Special to The Washington Post.
In the 1980s, AIDS ravaged gay communities across the country. Gay and bisexual men of all races, classes and walks of life were falling ill, dying or attending their friends’ funerals every week.
It seemed that society was essentially allowing people to die from “the fact that not enough rich, white, heterosexual men have gotten AIDS,” as the late HIV-positive gay activist Vito Russo put it in 1988.
The LGBT community united to demand action and address the reality that although HIV did not discriminate, the power structures that could help save lives sure did.

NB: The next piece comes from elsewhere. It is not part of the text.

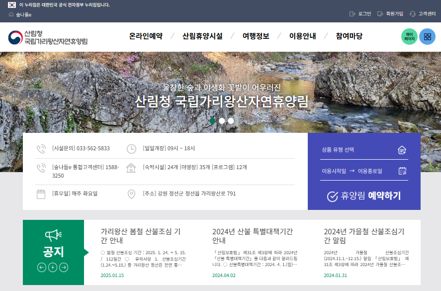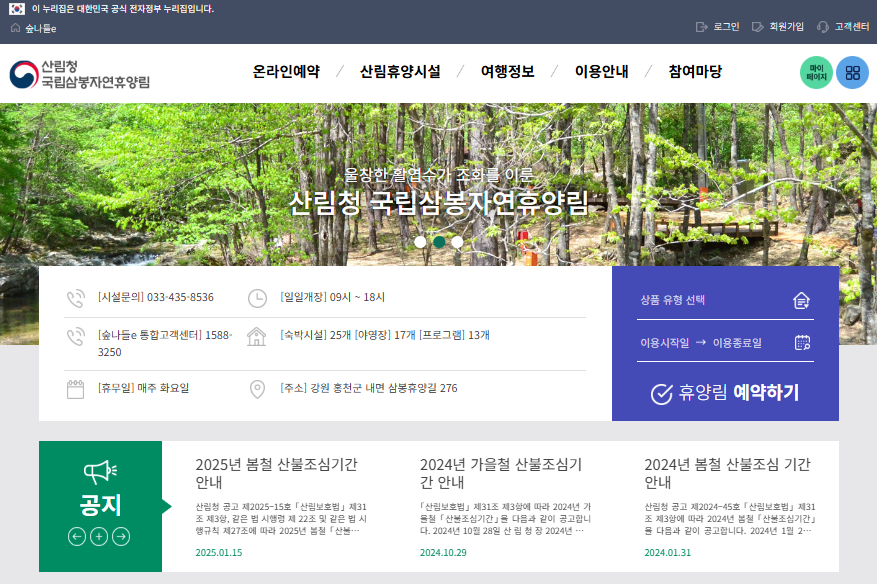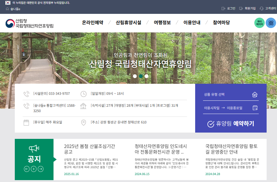 강원도 내 대부분의 자연휴양림은 산림청이 운영하는 '숲나들e'에서 통합 예약할 수 있습니다.
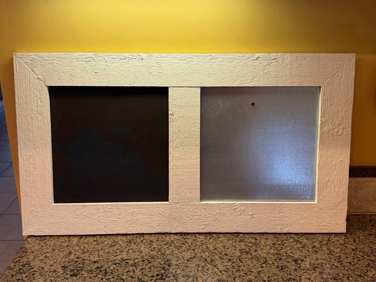 Rustic chalkboard and magnetic board constructed out of rough-sawn cedar. Dimensions are 17"H x 31"W.

Today, however, HIV does appear to discriminate. More than six in 10 new infections in the United States are among men who have sex with men, known in this field as MSM. Within that group, the hardest-hit are African American men ages 13 to 29. From 2006 to 2009,CDC data show, HIV infections rose by an appalling 48 percent among these young men — one of the largest increases of any demographic. New HIV cases among black MSM are nearly equal to those for their white counterparts, despite the former’s far smaller percentage of the population.
This alarming disparity is one that the 19th International AIDS Conference, which begins Sunday in Washington, will address.
Even while this crisis has grown, help in combatting it has been shrinking. HIV no longer seems to be a priority for some in the gay community. Foundations focused on lesbian, gay, bisexual and transgender people, which have historically provided millions of dollars in crucial funding for HIV service organizations, are shifting their resources elsewhere. The fight is different now. There is a lack of urgency among some well-off, white gay men, a segment of the LGBT community that was crucial in battling HIV and turning the tide in the 1980s and ’90s.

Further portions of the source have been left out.